As well as modelling, Clarice was entrusted with decorating their prestigious art pottery. These pieces were designed for exhibitions, to attract buyers to the company’s stand and encourage sales of the more everyday fancies and tableware. Her new role was significant, as she had escaped from the artistic strait-jacket of being a painter and now had the chance to make her own mark.
In spring 1927 Clarice Cliff left Gladys producing these trial pieces while she was sent to the prestigious Royal College of Art, in London’s Kensington. Her fees were paid by Colley, who saw this as a way of refining her innate ability. However, it was not the time she spent modelling clay under the guidance of sculptor Gilbert Ledward that was to advance her talent but her forays into London’s galleries and shops. Here she encountered for the first time a mass of paintings, silver and glass that opened her mind to a whole new direction for ceramic design.
While any of the major Stoke-on-Trent Potteries could have used this new Jazz Age style, their designers preferred to cling to conservative shapes and designs. Stoke had not initially responded to the outpouring of creative artistic ideas focused at the 1923 Exposition des Arts Décoratifs et Industriels in Paris. The Art Deco exhibition (as it was eventually named) was to influence all Thirties’ design in Britain, from furniture to cinemas, from carpets to fashion.
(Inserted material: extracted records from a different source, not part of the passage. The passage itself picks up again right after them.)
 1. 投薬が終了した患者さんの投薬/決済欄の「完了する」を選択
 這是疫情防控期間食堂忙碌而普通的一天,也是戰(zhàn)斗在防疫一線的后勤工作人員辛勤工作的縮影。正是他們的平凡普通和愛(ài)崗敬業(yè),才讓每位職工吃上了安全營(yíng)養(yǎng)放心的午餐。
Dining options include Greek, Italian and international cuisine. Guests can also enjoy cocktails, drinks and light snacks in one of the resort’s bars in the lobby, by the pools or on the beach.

It was Clarice Cliff, however, who first took its principles into ceramics.
Clarice returned to Stoke-on-Trent a changed woman. The impetus of her visit led to long discussions with Colley in her studio, generally conducted over afternoon tea and behind closed doors. They may have done this to keep her ideas secret from other potteries (copying designs was a standard occurrence at the time) or, as factory staff observed, perhaps they wanted some privacy. In later years she talked of a brief visit to Paris at this time. It is inconceivable that she could have arranged or afforded this herself and it later transpired that she had probably gone with Colley Shorter, which is why it was kept secret. This trip was clearly the catalyst for both her artistic and her personal growth.
Early in 1928 Clarice recruited more young painters to execute designs on the old unsaleable stock. She chose the name Bizarre for this range and unknowingly started on a career that was to change ceramic history.
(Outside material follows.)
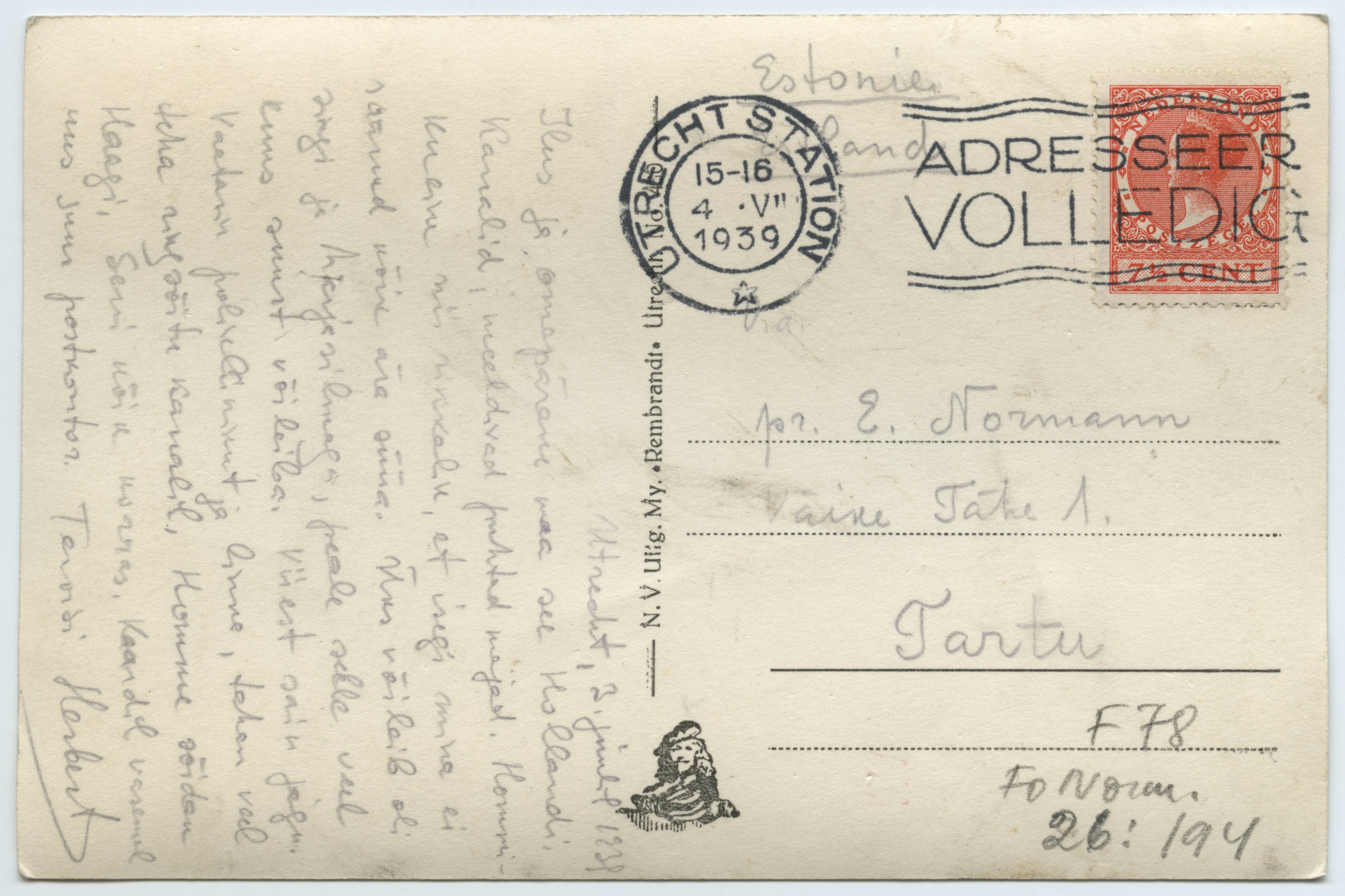 Pöördel Herbert Normanni kiri E[rna] Normannile. Utrecht, 3. juuli 1939

The initial Bizarre designs were crude triangles drawn in brown or green, which were then enamelled in two or three colours. The ware had great impact because of its sheer simplicity. There was nothing like it being offered for sale by pottery retailers.
The salesmen were sceptical about its appeal but knew it was wise to react positively to Shorter’s enthusiasm for the ideas of the woman already perceived as his protégée. The most experienced salesman, Ewart Oakes, took a car-load to an Oxford dealer. To his surprise she bought it all and suddenly the Bizarre ball was rolling. Clarice’s hunch had been right!
Clarice Cliff wanted to enlarge the Bizarre range and found Colley agreeable to providing source material for her. She compiled a library of books on flowers, contemporary painting and sets of prints. The ideas she culled from these, mixed with her unusual taste for colour, swiftly accelerated the development of Bizarre.
Clarice’s first floral pattern was to be her most successful. She experimented with painting Crocus flowers and found that the brush strokes exactly resembled the petals, while a few green lines for the leaves completed the effect. The pattern was immediately so successful that Ethel Barrow, the first painter to produce it, had to teach whole teams of girls how to execute it.
The popularity of the design endured throughout Clarice’s career.
Many of Clarice Cliff’s girls were to find that life as a Bizarre painter was more enjoyable than they had anticipated. Late in 1928 Clarice and Colley organized a demonstration of hand-painting in the foyer of the Waring & Gillow store in London. This type of promotion was unusual for the time, as most companies limited their activities to static displays.